• _PROMPT_
The answer must be an exact copy of the lines from the top of the listing below through the line with "This fan is", with no pictures.

• _DATA TO USE_
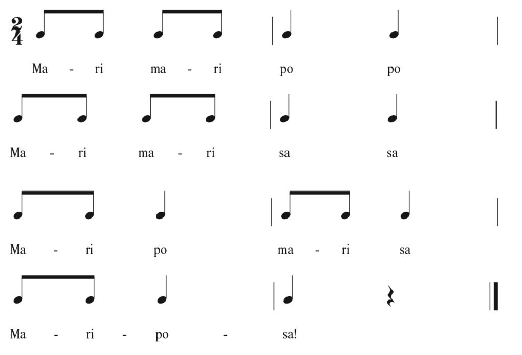 - The teacher sings four-beat melodic phrases using the rhythms and the tone set—do, mi, so, la—and students echo.
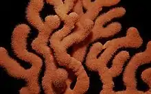 This fan is flattened and has curving branches which all tend to grow in the same plane. It may be mustard yellow to orange and when feeding the extended polyps give the fan a fuzzy appearance. It may grow up to 1m tall and have branches of 0.7 to 1 cm wide.[2]
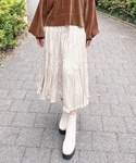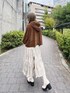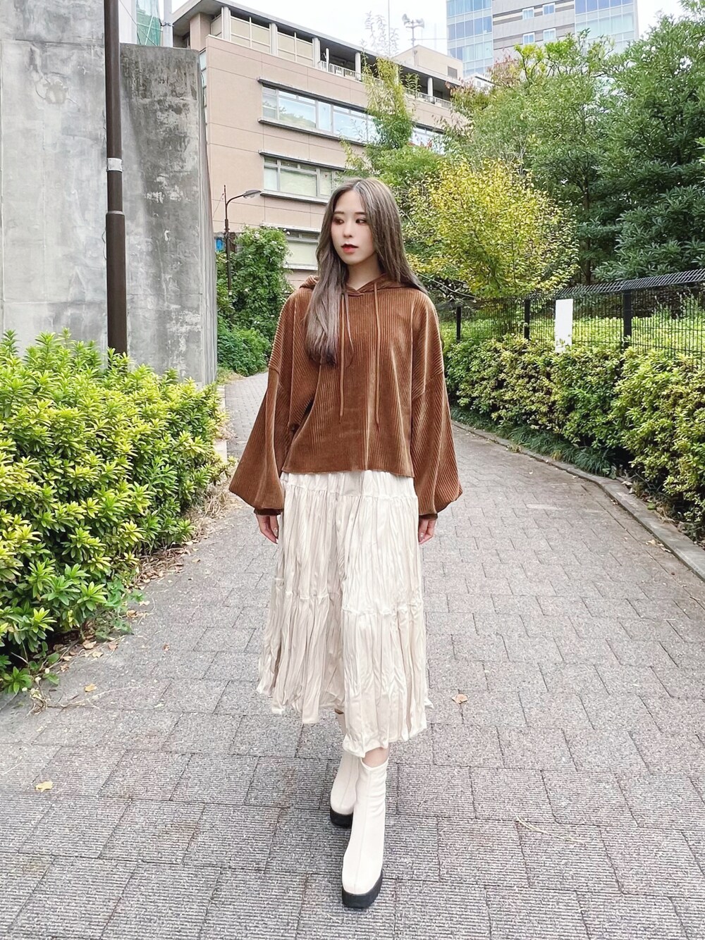 コーデュロイクロップドパーカー color: khaki, brown, gray size: free グロッシープリーツベロアスカート color: off-white, black size: free
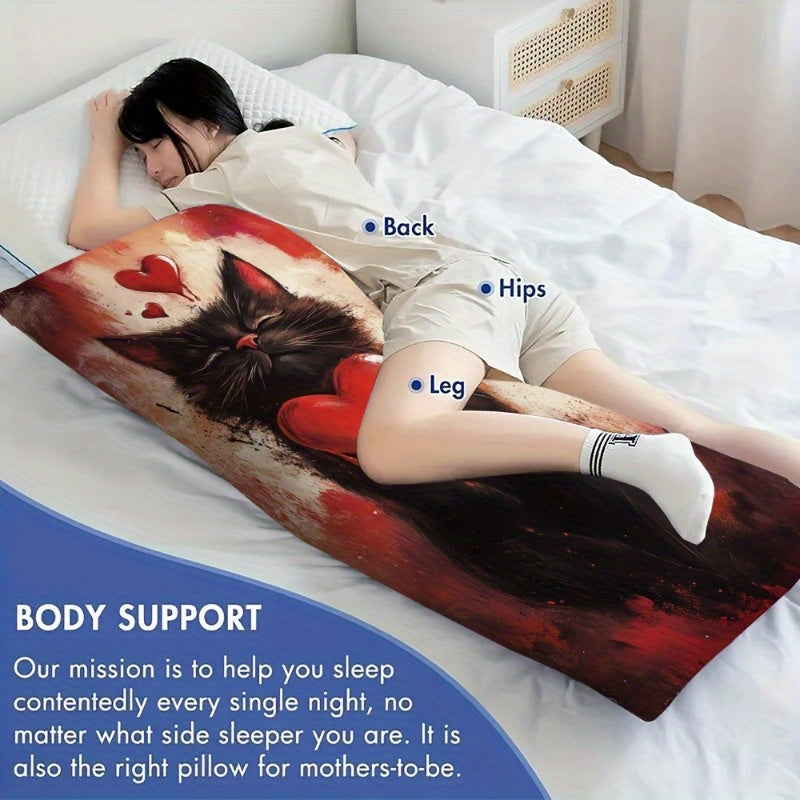 1pc Whimsical Black Cat Design Full Body Pillow with Zipper Headrest - Vibrant Red & White Artwork
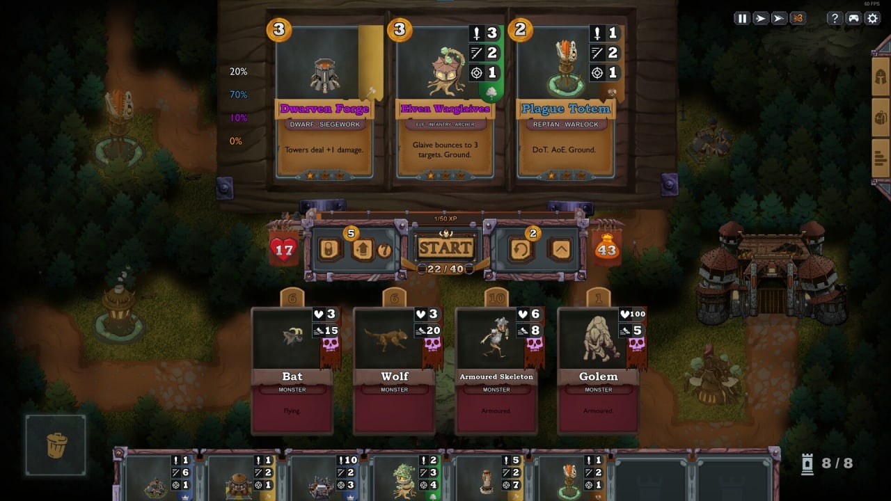 Особое улучшение можно получить в том случае, если построить в ряд три башни одного типа. Турели подлежат улучшению. Апргрейды позволяют разработать уникальную тактику. Игроки в индивидуальном порядке адаптируют игровой процесс под свою тактику и индивидуальный ритм. Можно создавать синергию при помощи уникальных предметов. Особую роль в геймплее играет сбор ресурсов и золота. Деньги выпадают из поверженных врагов, а остальные ресурсы можно отыскать на локациях. Грамотно управляя экономикой, можно построить мощное королевство, которое даст отпор огромной армии монстров.

• _RESULT_
 - The teacher sings four-beat melodic phrases using the rhythms and the tone set—do, mi, so, la—and students echo.
 This fan is flattened and has curving branches which all tend to grow in the same plane. It may be mustard yellow to orange and when feeding the extended polyps give the fan a fuzzy appearance. It may grow up to 1m tall and have branches of 0.7 to 1 cm wide.[2]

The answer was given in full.